• Required action:
The response must consist of each line in the listing that has the word "habitación" in it.

• Data under study:
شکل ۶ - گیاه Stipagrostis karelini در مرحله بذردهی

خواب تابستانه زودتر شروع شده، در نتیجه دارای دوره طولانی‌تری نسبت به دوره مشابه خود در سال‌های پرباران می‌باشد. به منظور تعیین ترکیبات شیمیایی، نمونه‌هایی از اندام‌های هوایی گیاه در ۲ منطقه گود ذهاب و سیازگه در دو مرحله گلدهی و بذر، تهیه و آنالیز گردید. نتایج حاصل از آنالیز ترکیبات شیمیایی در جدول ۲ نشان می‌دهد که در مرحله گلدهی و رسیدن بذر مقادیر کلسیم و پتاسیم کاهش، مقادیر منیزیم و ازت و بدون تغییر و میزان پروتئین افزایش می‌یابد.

==

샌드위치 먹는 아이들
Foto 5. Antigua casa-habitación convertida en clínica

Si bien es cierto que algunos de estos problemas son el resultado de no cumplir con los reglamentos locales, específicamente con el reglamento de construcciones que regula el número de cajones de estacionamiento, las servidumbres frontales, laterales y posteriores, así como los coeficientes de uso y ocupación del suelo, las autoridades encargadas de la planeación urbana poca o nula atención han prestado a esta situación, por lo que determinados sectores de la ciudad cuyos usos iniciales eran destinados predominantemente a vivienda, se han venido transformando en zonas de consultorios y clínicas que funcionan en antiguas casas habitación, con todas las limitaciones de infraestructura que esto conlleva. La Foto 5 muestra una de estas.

==

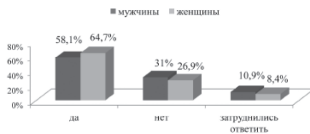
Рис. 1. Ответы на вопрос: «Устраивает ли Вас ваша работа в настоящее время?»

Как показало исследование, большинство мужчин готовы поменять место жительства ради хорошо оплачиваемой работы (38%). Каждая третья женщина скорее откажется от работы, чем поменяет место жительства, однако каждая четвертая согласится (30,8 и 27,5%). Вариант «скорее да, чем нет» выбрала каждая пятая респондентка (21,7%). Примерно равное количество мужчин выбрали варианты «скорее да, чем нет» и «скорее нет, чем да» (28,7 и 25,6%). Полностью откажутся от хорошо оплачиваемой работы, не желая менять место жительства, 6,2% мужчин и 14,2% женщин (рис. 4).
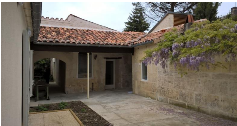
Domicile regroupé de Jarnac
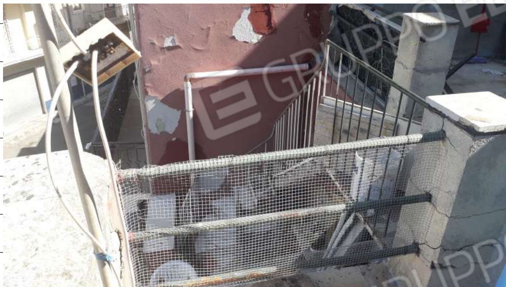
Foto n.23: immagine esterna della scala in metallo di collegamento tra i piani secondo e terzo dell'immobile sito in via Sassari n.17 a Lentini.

• Task output:
Foto 5. Antigua casa-habitación convertida en clínica
Si bien es cierto que algunos de estos problemas son el resultado de no cumplir con los reglamentos locales, específicamente con el reglamento de construcciones que regula el número de cajones de estacionamiento, las servidumbres frontales, laterales y posteriores, así como los coeficientes de uso y ocupación del suelo, las autoridades encargadas de la planeación urbana poca o nula atención han prestado a esta situación, por lo que determinados sectores de la ciudad cuyos usos iniciales eran destinados predominantemente a vivienda, se han venido transformando en zonas de consultorios y clínicas que funcionan en antiguas casas habitación, con todas las limitaciones de infraestructura que esto conlleva. La Foto 5 muestra una de estas.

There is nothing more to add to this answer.